By Randy Bearden

guest columnist

We searched for the perfect acre among a thousand. It was time to build our house and, this being a large farm, we had many options. There were only three requirements. 1. It needed to be in the woods. 2. It needed to be on the hill and 3. It needed to come with a view. We walked and talked and searched for weeks and then it happened … there it was. It was a pine tree grove in the middle of the hardwood forest. Quick growing pine trees surrounded by oaks, hickory, sweetgum and dogwoods. I knew they were out of place, these pine trees, and wondered why they were there but decided I would never know the answer and went on about the business of building a house.
The basement was dug, the foundation poured, and the walls were being built when my elderly neighbor stopped by. She said she heard there was a house being built here and wanted to see the place one last time. I listened closely, for I knew the mystery of the pine trees was about to be told.

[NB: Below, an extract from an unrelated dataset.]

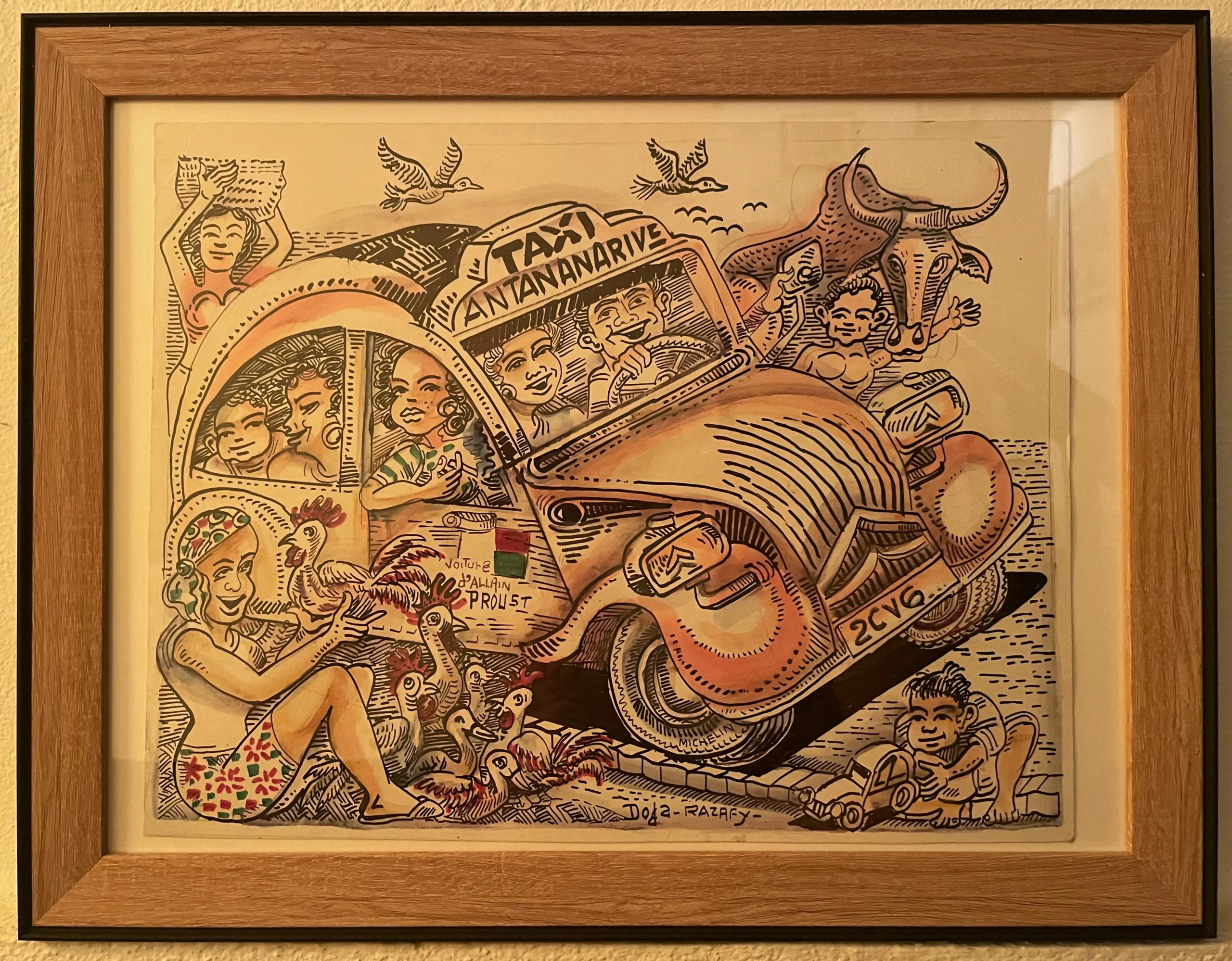 Dans cette scène pleine de vie, Doda Razafy immortalise l’iconique 2CV, transformée en taxi d’Antananarivo. Serrés à l’intérieur, les passagers sourient malgré l’exiguïté, reflet de la convivialité malgache où le partage prime sur le confort. Autour du véhicule, la rue s’anime : une femme joue avec ses volailles, un enfant observe, et même les zébus semblent participer à l’effervescence. Entre humour et tendresse, l’artiste fait de ce taxi bondé une métaphore de la solidarité et de l’ingéniosité du quotidien malgache.

Her father had cleared this acre someone hundred years before. He needed a cotton patch and believed that cotton should be grown in well-drained soil on the top of the hill. She said she’d spent way too much of her childhood here in the merciless sun, tending to the cotton, and was not sad to see it abandoned many years later. I live comfortably upon that acre now and think often of the things that have grown here. Of how it grew trees and then it grew cotton, only to grow trees again. I think of how my children grew up here as their parents grew apart and their father now begins the process of growing old. This house, in the woods, on the hill, with a view is beginning to show some age now. I suppose that, like most things, it will someday reach a point of disrepair and be abandoned like the long forgotten cotton patch. That will turn to dust and in its place, pinetrees will grow and someone will stand here and say “I wonder why these pine trees are in the middle of these hardwoods?”… and my elderly grandson Jack will say “My grandfather once built a house here – 100 years ago.”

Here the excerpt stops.